Photo courtesy of Zeitgeist Design & Production
Imagineering is the research and development arm of the Walt Disney Company, which is responsible for creating, designing and constructing Disney theme parks, merchandise development, Disney games and other attractions globally.
Joe Lanzisero, former Walt Disney imagineer and current VP of Zeitgeist Design & Production, sat down with MobiHealthNews to discuss the creation process of building immersive worlds and how those techniques can be used to design experiences to improve patient care.
MobiHealthNews: How does your experience as a Walt Disney imagineer influence how you would make an immersive experience for healthcare?
Joe Lanzisero: I have consulted for a few different people, two companies. You may be familiar with Reimagine Well. Another imagineer, longtime friend and colleague from Imagineering Roger Holzberg, has been involved with that for a long time, and has had me consult with them more on the physical design side, how we create environments and places, especially for younger children.
A big chunk of the work that I did at Disney was in designing children's spaces. I designed the original Toontown. I did children's spaces on cruise ships. So, I have an understanding of the kinds of environments and the kinds of activities in a theme park.
Then, of course, working with Roger, we had to understand, how does that translate – mostly about, you know, how horrible [the patient] experience can be for a small child. We created a journey even before they got their online experience – working with the doctors, working with the parents, then once they got into the hospital experience, seeing what we could do. A lot of it is about distractions. So that was one piece of my work in the sector.
MHN: Are you seeking to design immersive experiences for healthcare?
Lanzisero: Absolutely. It was interesting that during the pandemic, when theme parks were closed, most of them were closed, and a lot of people in our industry started turning to healthcare and other kinds of institutional things.
It's applying what I learned at Disney about just knowing the experiential journey that people go through and how they react to different kinds of experiences. And because I had a broad base of design challenges, like I said, from cruise ships to hotels to dark rides, with each of them, I had to think and, especially at Disney, you always had to think about all of your users, and that was from little kids to older people and everything in between.
MHN: There's a lot to think about when it comes to designing experiences for healthcare. Take psychiatric care, for example; you don't want to trigger a traumatic memory inadvertently. How would you explore creating experiences for various sectors of healthcare?
Lanzisero: I would do the same thing I always did on every project – you have to become an expert, and you become an expert by talking to experts. So, immediately, I would sit with the psychiatric doctors, understand what the triggers are, and understand what they're looking for in terms of what kind of experiences we're going to create.
MHN: There's a lot of talk in healthcare about AI and how, eventually, the technology may be able to design immersive experiences on the fly. As a designer, what do you think about AI having a hand in creating these experiences?

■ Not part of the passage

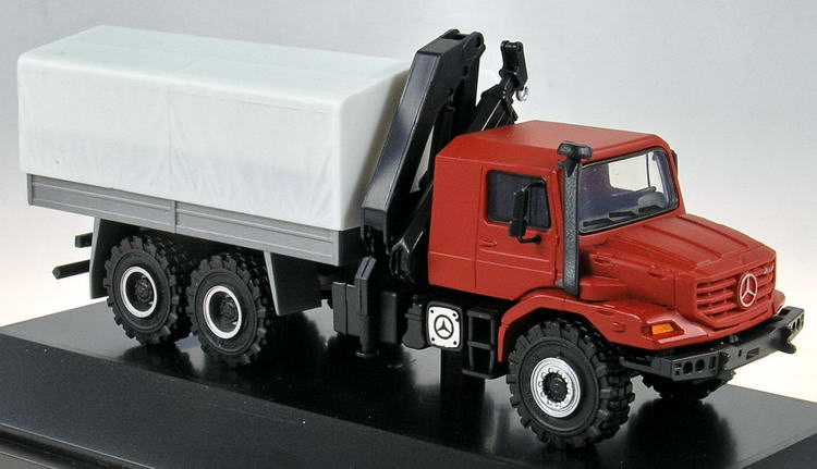 Der bewegliche Ladekran stammt von Herpa. Neben den Werbemodellen, die bei den Mercedes Benz-Filialen erhältlich sind, hält der Zetros nun auch Einzug im Modellsortiment von Herpa.

Lanzisero: I am not afraid of it. I think it's going to be another amazing tool. I think back to when computer-aided design started happening in CAD drawing. People said, "Okay, that's it, that's the end of designers." But no, I mean, you still need all the things that you and I are talking about. You first need that human engagement of people talking and understanding what you're solving for, and then you think about what tool you are going to use that's going to work best to get the results you need. And one of them may be AI. It may be talking with other people. It may be going to another consulting firm. So, I always try to think of it in broad terms.